What this task involves
The listing below holds pictures; exclude them. Return exactly the lines from the one with "fireplace with gas" through the one with "TOYOTA PREMIO - лот 6002".

Information
■ ■ ■ ■ ■

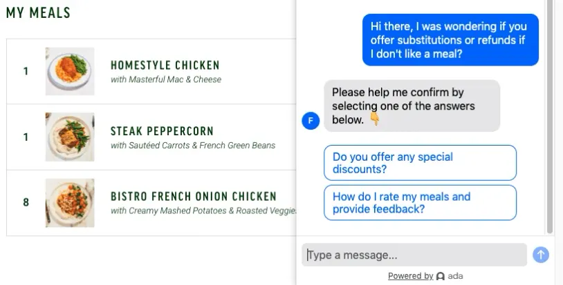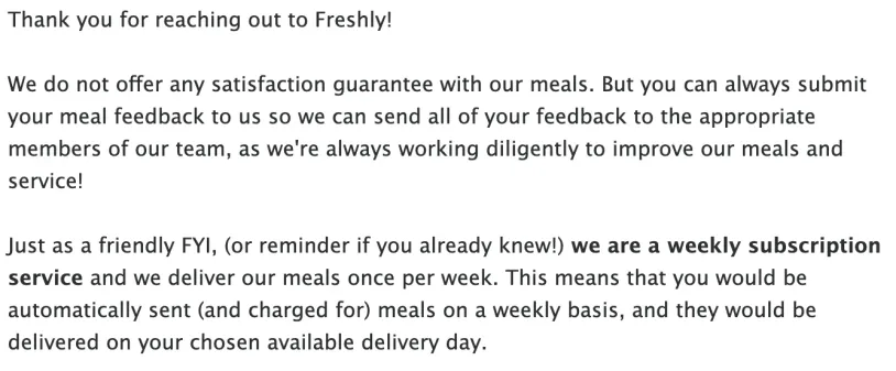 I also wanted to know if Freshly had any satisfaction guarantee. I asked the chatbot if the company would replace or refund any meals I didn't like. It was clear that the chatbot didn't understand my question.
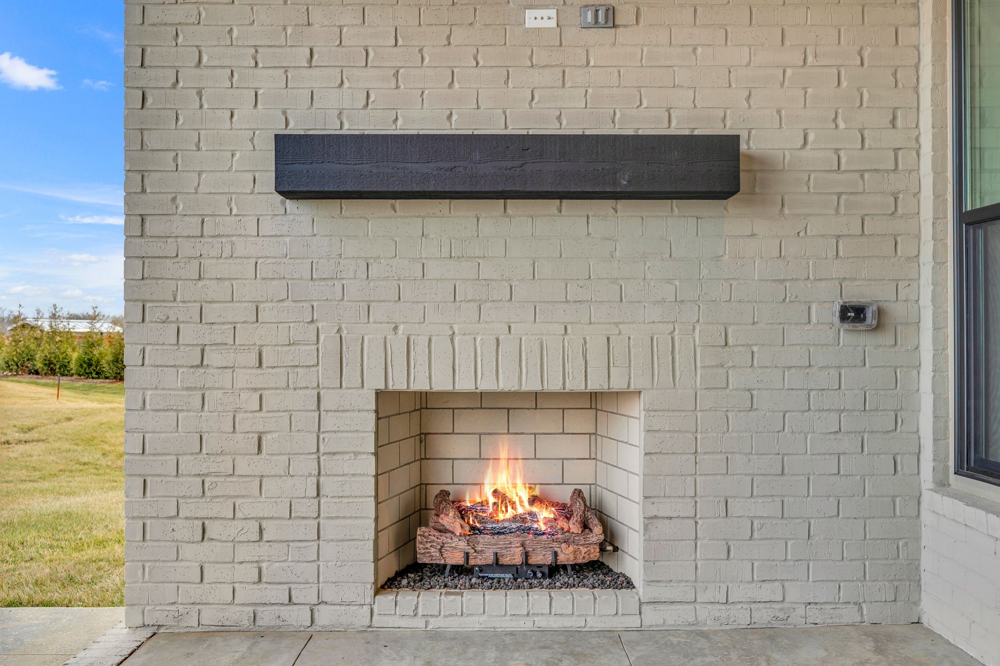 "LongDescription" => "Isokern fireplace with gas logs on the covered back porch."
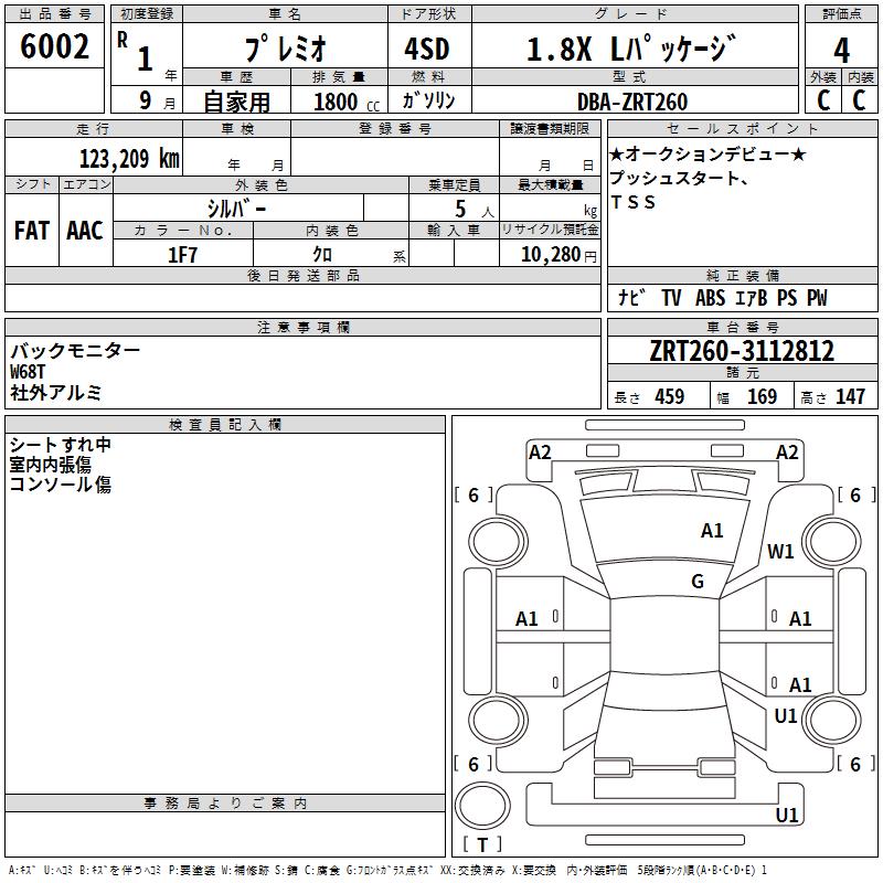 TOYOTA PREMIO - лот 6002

■ ■ ■ ■ ■

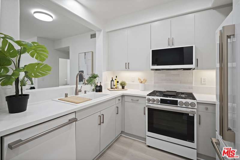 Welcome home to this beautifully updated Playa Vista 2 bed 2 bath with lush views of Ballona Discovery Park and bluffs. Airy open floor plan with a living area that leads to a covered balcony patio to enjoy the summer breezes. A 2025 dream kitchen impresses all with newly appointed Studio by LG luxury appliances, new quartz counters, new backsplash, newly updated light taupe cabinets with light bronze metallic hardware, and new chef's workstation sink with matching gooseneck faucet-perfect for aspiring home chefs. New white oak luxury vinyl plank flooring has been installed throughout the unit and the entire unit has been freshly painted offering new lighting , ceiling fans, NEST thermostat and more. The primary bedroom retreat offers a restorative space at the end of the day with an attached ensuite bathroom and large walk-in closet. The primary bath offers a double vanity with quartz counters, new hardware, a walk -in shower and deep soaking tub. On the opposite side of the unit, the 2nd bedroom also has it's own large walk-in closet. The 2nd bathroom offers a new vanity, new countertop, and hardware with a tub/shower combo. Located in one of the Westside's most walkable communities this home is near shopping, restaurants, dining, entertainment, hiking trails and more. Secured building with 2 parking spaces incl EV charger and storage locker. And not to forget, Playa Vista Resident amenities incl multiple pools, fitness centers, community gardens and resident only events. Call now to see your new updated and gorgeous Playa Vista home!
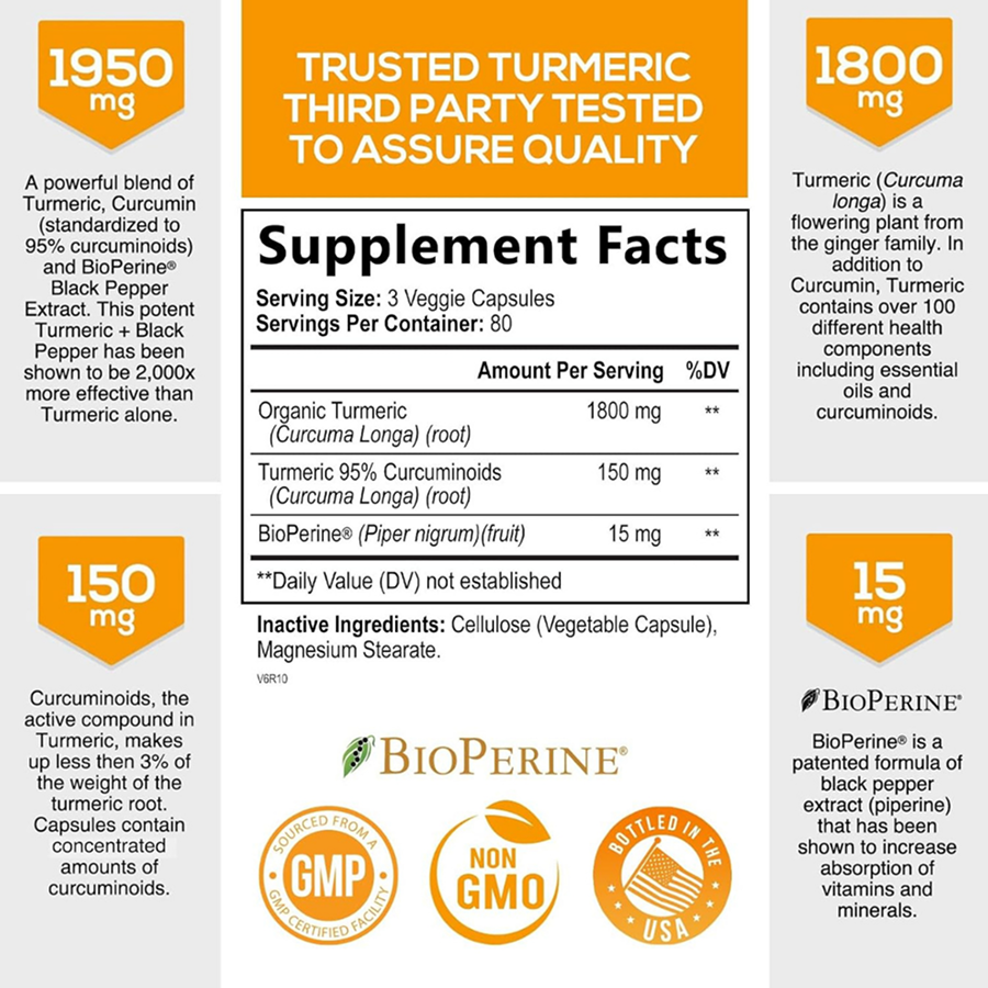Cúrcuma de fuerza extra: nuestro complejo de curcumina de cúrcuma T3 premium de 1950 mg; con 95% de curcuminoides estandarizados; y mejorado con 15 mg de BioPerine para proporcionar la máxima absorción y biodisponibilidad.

■ ■ ■ ■ ■

Written answer
 "LongDescription" => "Isokern fireplace with gas logs on the covered back porch."
 TOYOTA PREMIO - лот 6002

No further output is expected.